Trouble Reading .h5 files


I am using
scanpy version 1.7.0 with
h5py version 3.6.0

I am trying to read a file in .h5 format (as I understand this is the legacy format). Usually this is not a problem because I can usually read:

adata = sc.read_10x_h5('my_file.h5')
and then save

However this time I am unable to read the file and get the following error
Exception: File is missing one or more required datasets.

Surprisingly (for me) I am actually able to load the file with my version of h5py
f = h5py.File('../../utils/my_file.h5', 'r')
but I just cannot access the data (e.g. load it into anndata)

There is 1 key called “shoji” and I want to access the contents of the “Expression” database which can be done through

data = f['shoji']['Expression']

But then I have trouble loading this into anndata (perhaps because it is too big but maybe because something else is wrong? My kernal dies so there is no error I can share).

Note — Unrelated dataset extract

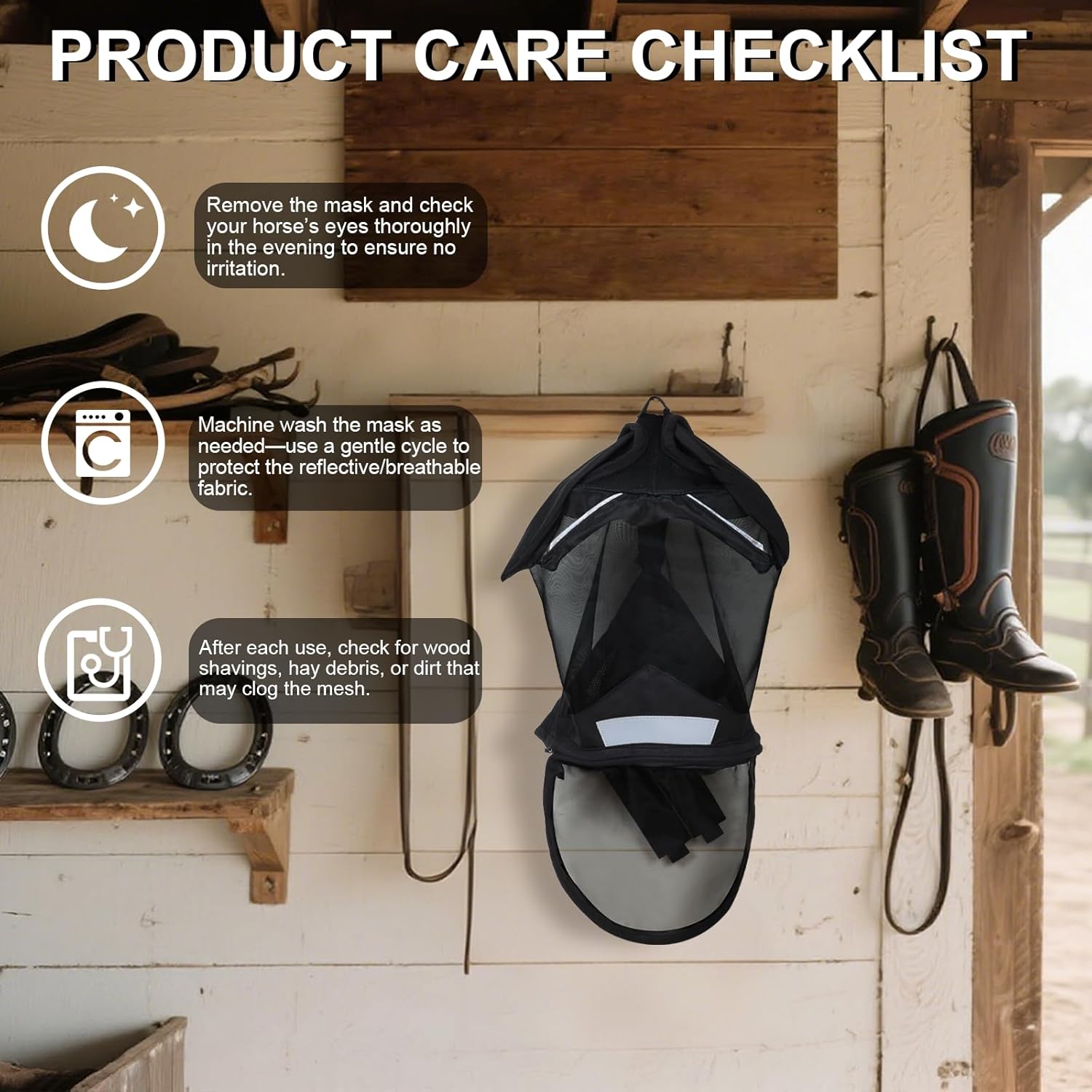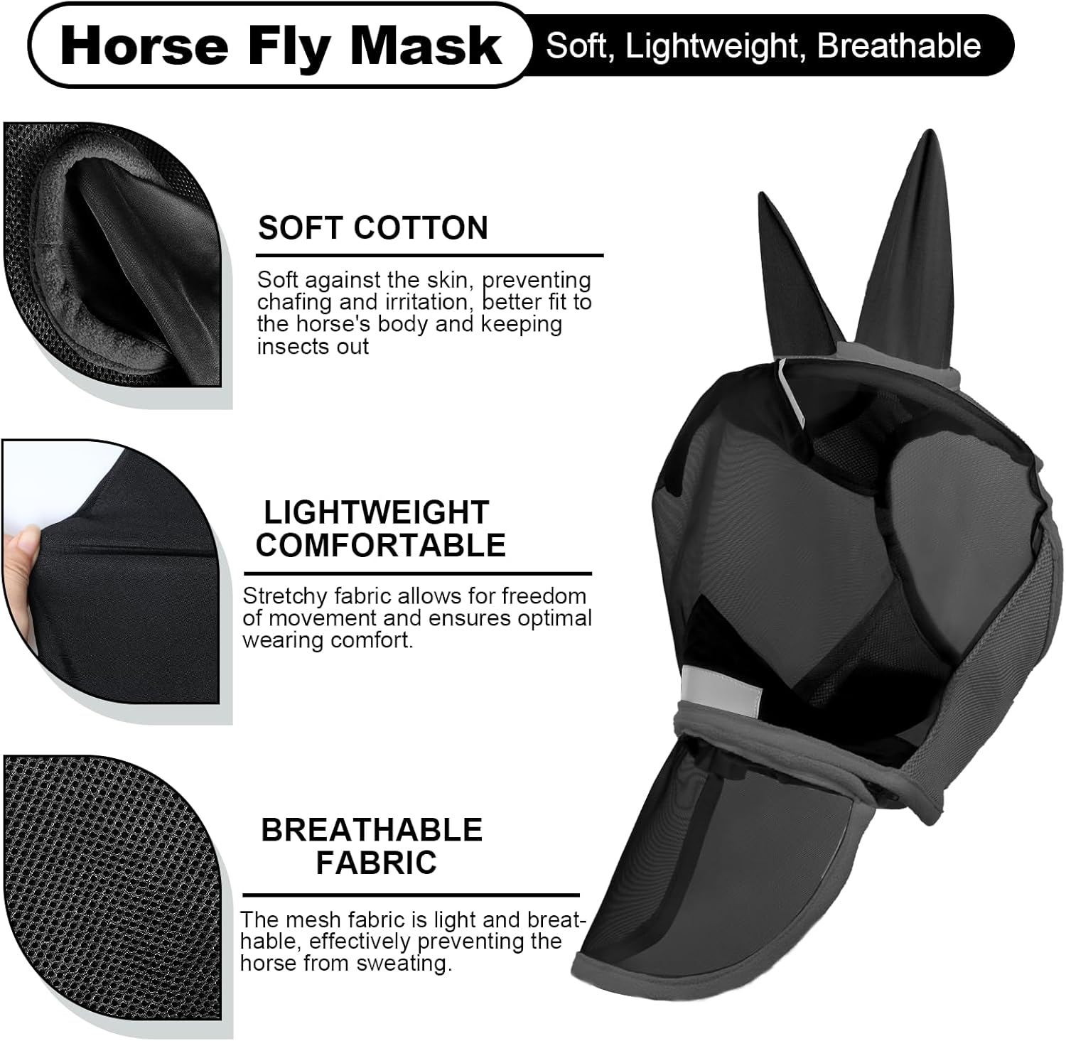 - Included Components: Horse Fly Mask

I’ve also attempted sc.read_hdf('my_file.h5', key='shoji')
but then I get a counterintuitive error
TypeError: Accessing a group is done with bytes or str, not <class 'tuple'>
Suggesting that the shoji argument is a tuple instead of a string. I figure it was just a bug of a deprecated function.

Anyway, can anyone shed some light on what is happening here? Or better yet, any ideas as to how I can read this file?


Hey @jjeang,

Does this .h5 file follow the expected structure for HDF5 files from 10x Genomics?

In case it’s a custom file, you should be able to read its contents with h5py and then use the data to construct an AnnData object. Is it something that you expect to fit in memory (you can see the dimensions without loading the dataset)?